De Larminat répondait : « Elle ne sert à rien si on efface les origines. La France libre n’était pas une parenthèse. C’était un choix moral fait dans l’obscurité totale, sans garantie, sans armée, sans État. Ce choix méritait d’être honoré, visible, distinct.

Défiler au côté de ceux qui avaient obéi à Vichy, même pour ne pas froisser les Américains, c’était trahir les morts. »

Leclerc répondait : « La victoire sert à rentrer en France. Et pour rentrer en France, il faut une armée suffisamment forte. Cette armée ne peut pas se construire dans la nostalgie.

Elle doit intégrer tout ce qui veut se battre, même ceux qui ont mis du temps à comprendre. »

Ils avaient tous les deux raison. C’est ce qui rend cette histoire difficile. Ce qu’il faut retenir de cette rencontre en Tunisie, c’est peut-être simplement ceci : deux hommes qui avaient tout donné pour la même idée ne s’y retrouvaient pas tout à fait.

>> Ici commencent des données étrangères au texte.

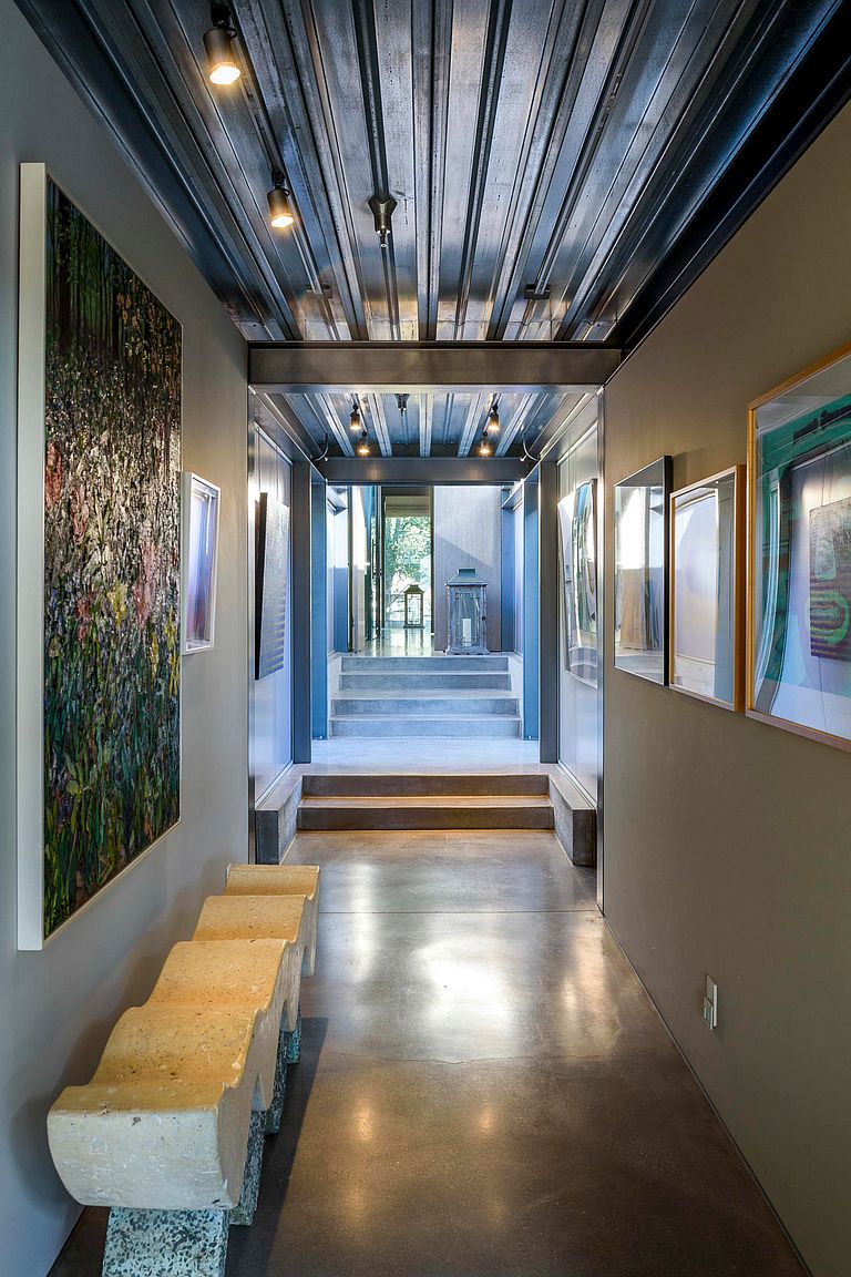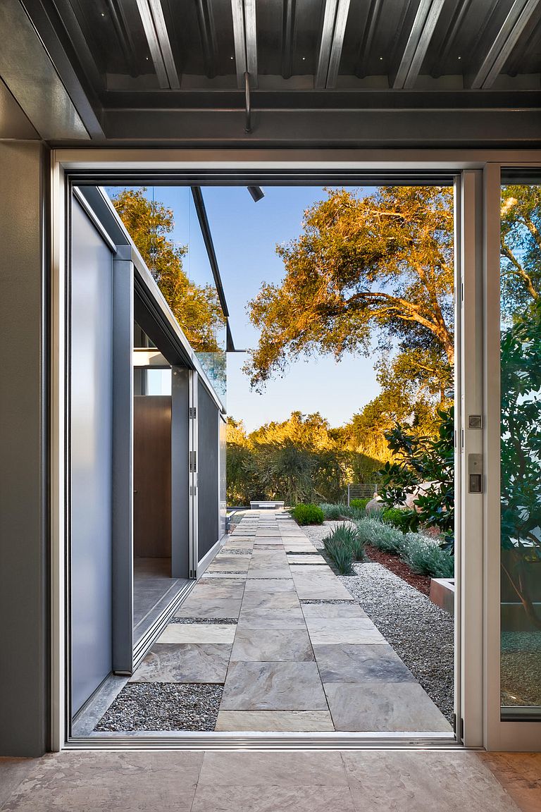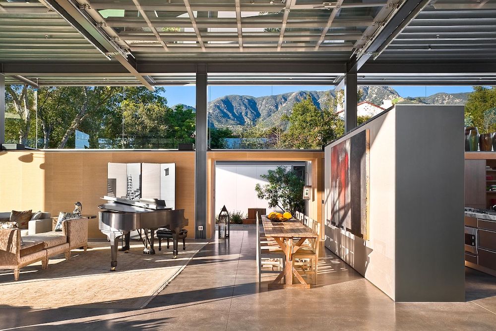 Steel and glass are the primary materials listed for the Barton Myers–designed house at 770 Ladera Lane, but the ones that first come to mind are light and air. When the big garage doors are opened all the way up, you’re as much outside as in. The effect is impossibly striking, as if you’ve wandered into a magazine spread.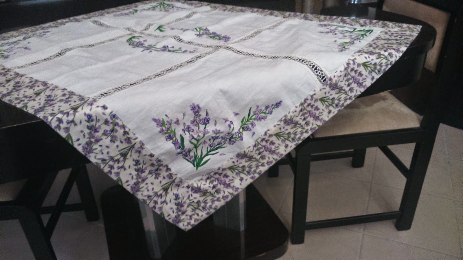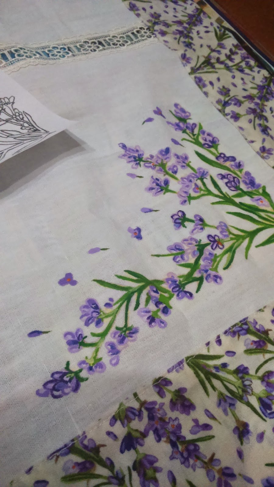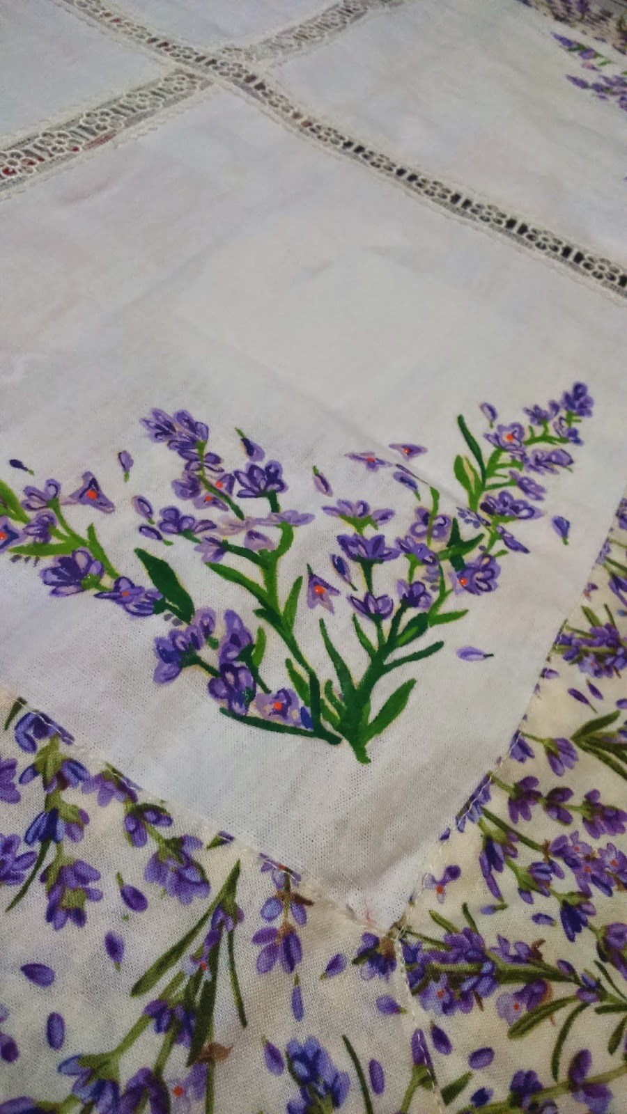 Tempo fa mi commissionarono una tovaglia. Dovevo riprendere i fiori stampati sul bordo. La tovaglia era stata in precedenza assemblata con dei pezzi di lino e pizzo macramè.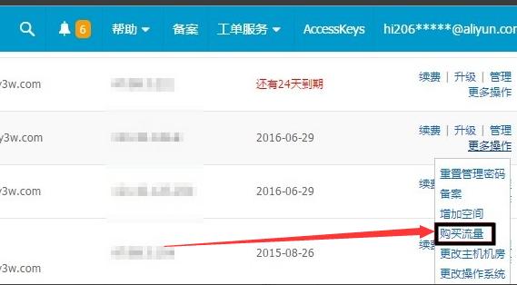 購買方法:例如購買50G或100G流量,必須是50G的整數倍。登錄后臺,到虛擬主機中,點業務后面的:更多操作,如下圖: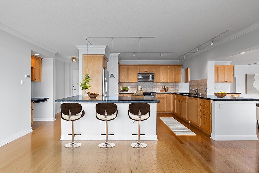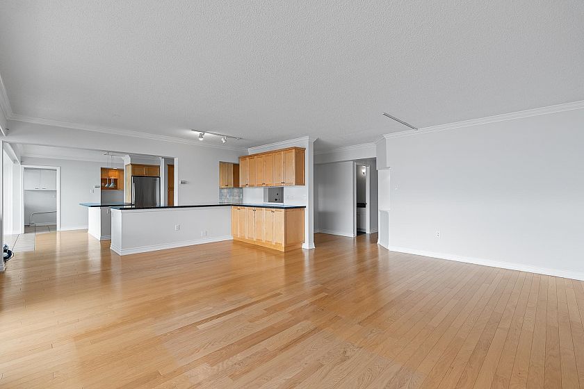 Incredibly rare opportunity to own a south and north facing double unit at the Seastrand on the West Vancouver Seawall. A bachelor suite and 2-bedroom suite were joined to create this incredible 2 bedroom, 2.5-bathroom, 1,448 sq. ft. apartment. This second-floor unit overlooks the sundrenched (soon to be resurfaced) swimming pool and has spectacular 180 degree south facing views from all the main room and picturesque mountain views from the 2 bedrooms. One of only 2 buildings in West Vancouver on the waterfront side of the train tracks. Beautifully renovated with permits in 2006. Bonus of 2 parking spaces and 2 storage lockers.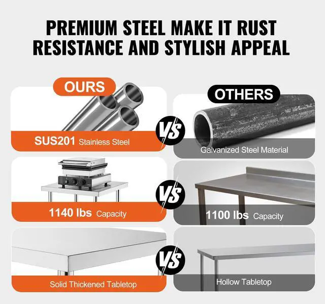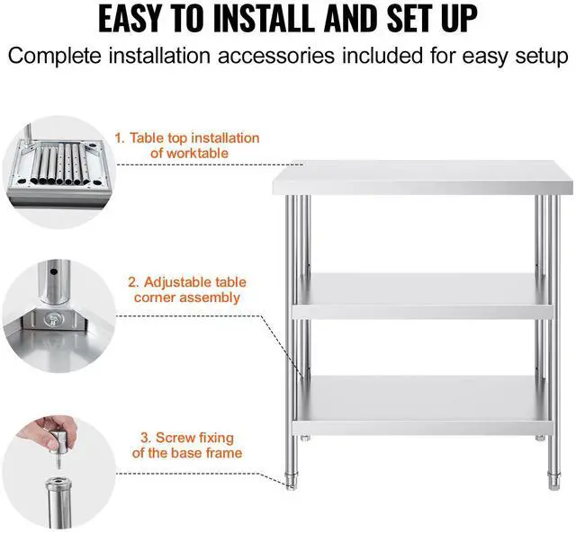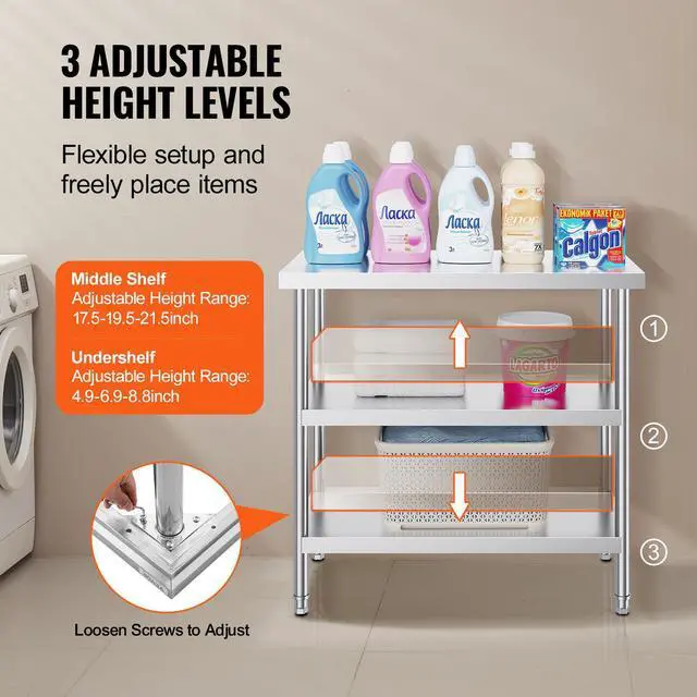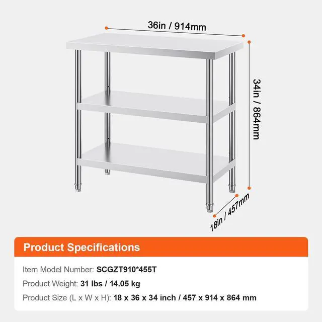 VEVOR Stainless Steel Food Prep Table, 18 x 36 x 34 Inch Commercial Kitchen Worktable, with 2 Adjustable Undershelf, Heavy Duty Prep Table Metal Work Table for BBQ, Kitchen, Home, and Garage

Pas parce qu’ils avaient changé, mais parce que l’idée, en grandissant, était devenue assez large pour contenir deux visions incompatibles. Leclerc libérera Paris le 25 août 1944. Il entrera à Strasbourg le 23 novembre de la même année, accomplissant son serment de Koufra. De Larminat aura libéré les poches de l’Atlantique, dont Royan en janvier 1945, dans des conditions qui lui vaudront une controverse durable avec les habitants de cette ville.

Il y a quelque chose de particulier dans la trajectoire de ces deux hommes après la guerre. Leclerc meurt en novembre 1947 dans un accident d’avion au-dessus du Sahara algérien, à Fort-Flatters, quelques mois seulement après la fin des guerres qui avaient été toute sa vie. Il n’a pas eu le temps de vieillir. La France lui construira un musée, le nommera maréchal à titre posthume, mettra son nom sur des avenues dans des centaines de villes.

De Larminat, lui, survit. Il écrit ses chroniques irrévérencieuses, publiées chez Plon en 1962, où il règle ses comptes avec l’histoire et avec certains de ses contemporains, avec la causticité qu’on lui connaissait. Général d’armée depuis 1953, premier président de l’Association des Français libres, il reste la mémoire vivante de ce que la France libre a été. Puis arrive la guerre d’Algérie et, avec elle, un drame d’une nature différente.

En avril 1961, des généraux français, Challe, Jouhaud, Zeller, Salan, se mutinent à Alger. Ils refusent l’indépendance algérienne, prennent le contrôle de la ville pendant quatre jours, puis capitulent. C’est le putsch des généraux. Il faut les juger.

Et de Gaulle, qui connaît la valeur symbolique des gestes, charge l’un des derniers grands témoins de la France libre de présider le tribunal militaire : Edgar de Larminat. Le 1er juillet 1962, avant même que le tribunal ne se réunisse, de Larminat se suicide à Paris. Il a 66 ans. Les explications données par son entourage convergent : il craignait de ne pas avoir la force physique et morale de mener à bien cette mission.

Juger des officiers français qui avaient combattu pour la France, même s’ils avaient eu tort, était pour lui un fardeau insupportable. Il y a une ironie cruelle dans cette fin. Lui qui avait été emprisonné par ses propres supérieurs en juin 1940 pour avoir voulu continuer à se battre. Lui qui avait traversé des frontières dans la nuit pour rejoindre une cause que presque personne ne croyait possible.

Lui qui avait refusé de défiler avec ceux qui avaient failli se retrouvait, 22 ans plus tard, chargé de juger d’autres officiers qui avaient, à leur façon, refusé les ordres qu’ils estimaient injustes. La ligne entre la désobéissance honorable et la rébellion inadmissible, il l’avait tracée lui-même en 1940. Et en 1962, c’est lui qu’on chargeait de la faire respecter. Deux hommes, une même France libre.

Des chemins qui se croisent à Tunis le 20 mai 1943 et qui ne se croiseront plus jamais vraiment.